● INSTRUCTIONS FOR THE TASK: Give back exactly the lines of the data below, starting with the line that has "TOYOTA COROLLA HYBRID S 4WD - лот 3095" and going on through the line that has "Впрочем, самое парадоксальное".

● DATA SUPPLIED:
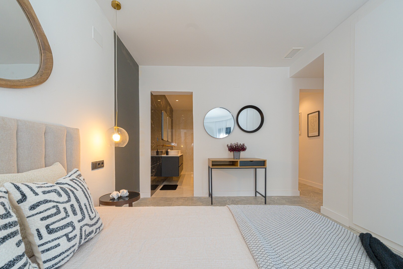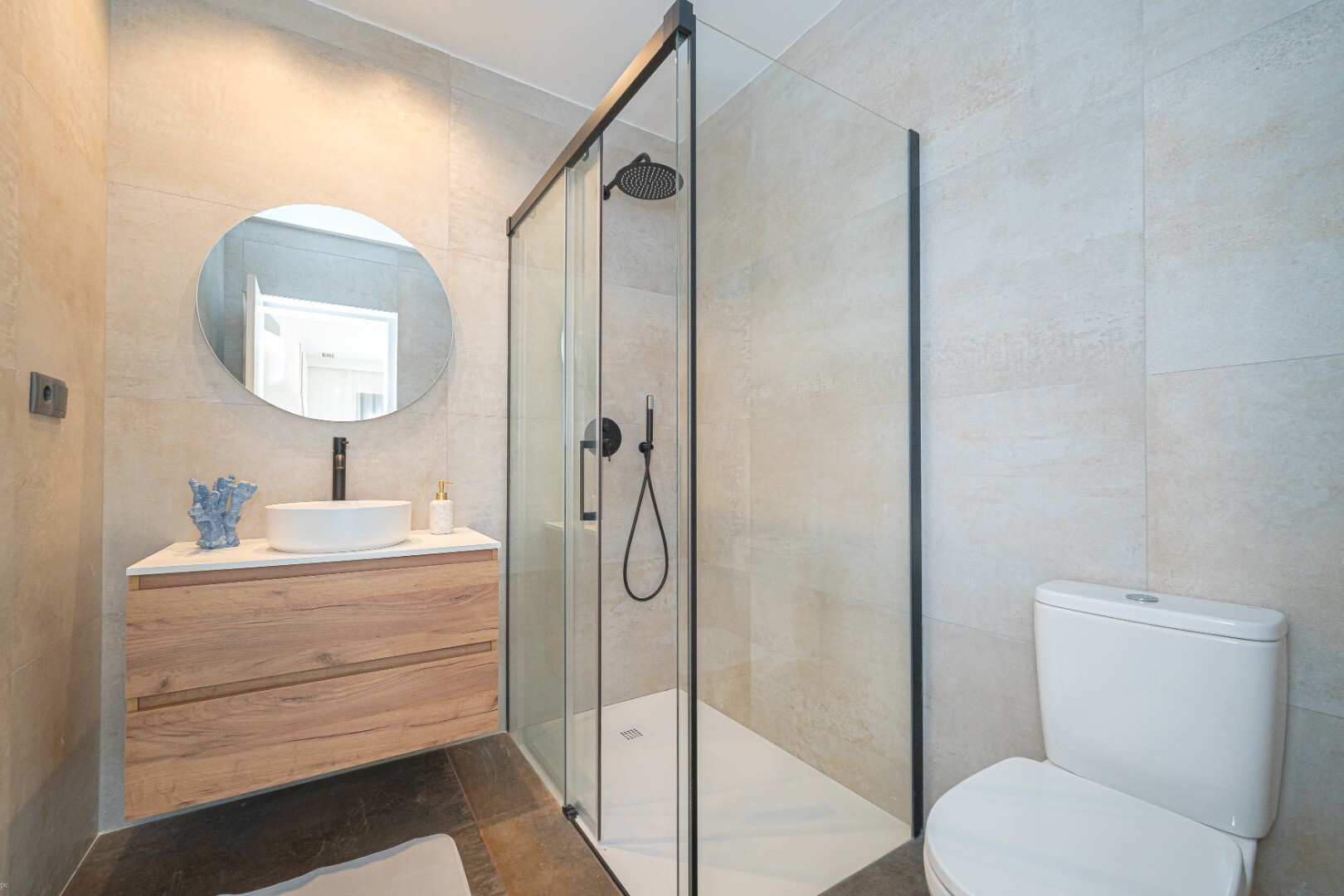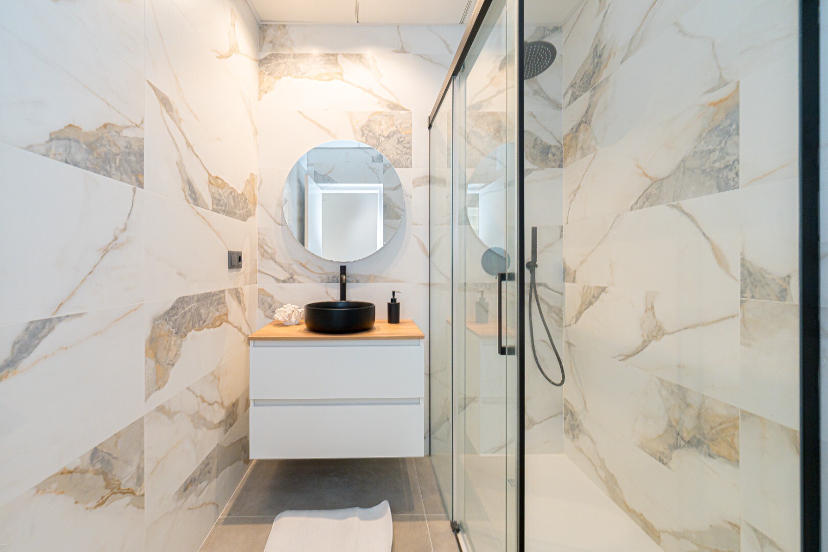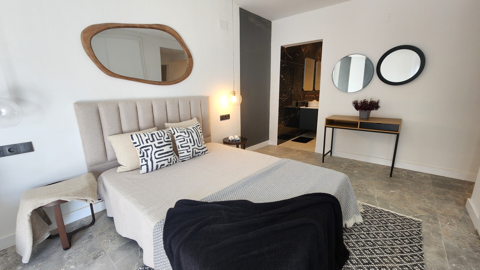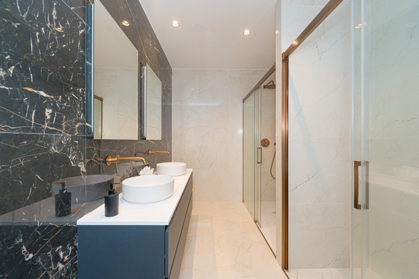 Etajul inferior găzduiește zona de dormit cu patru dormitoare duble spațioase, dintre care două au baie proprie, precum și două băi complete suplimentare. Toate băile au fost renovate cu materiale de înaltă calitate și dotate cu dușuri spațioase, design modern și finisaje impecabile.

--

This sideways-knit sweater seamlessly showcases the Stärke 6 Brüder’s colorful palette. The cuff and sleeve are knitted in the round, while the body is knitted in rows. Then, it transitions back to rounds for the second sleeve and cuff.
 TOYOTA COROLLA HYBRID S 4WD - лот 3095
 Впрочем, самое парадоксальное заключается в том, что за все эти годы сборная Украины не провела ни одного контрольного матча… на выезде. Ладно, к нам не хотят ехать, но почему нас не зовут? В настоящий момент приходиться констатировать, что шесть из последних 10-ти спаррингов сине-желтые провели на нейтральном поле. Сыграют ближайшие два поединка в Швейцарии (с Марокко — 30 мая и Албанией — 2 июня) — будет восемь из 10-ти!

● RESPONSE TO THIS EXERCISE:
 TOYOTA COROLLA HYBRID S 4WD - лот 3095
 Впрочем, самое парадоксальное заключается в том, что за все эти годы сборная Украины не провела ни одного контрольного матча… на выезде. Ладно, к нам не хотят ехать, но почему нас не зовут? В настоящий момент приходиться констатировать, что шесть из последних 10-ти спаррингов сине-желтые провели на нейтральном поле. Сыграют ближайшие два поединка в Швейцарии (с Марокко — 30 мая и Албанией — 2 июня) — будет восемь из 10-ти!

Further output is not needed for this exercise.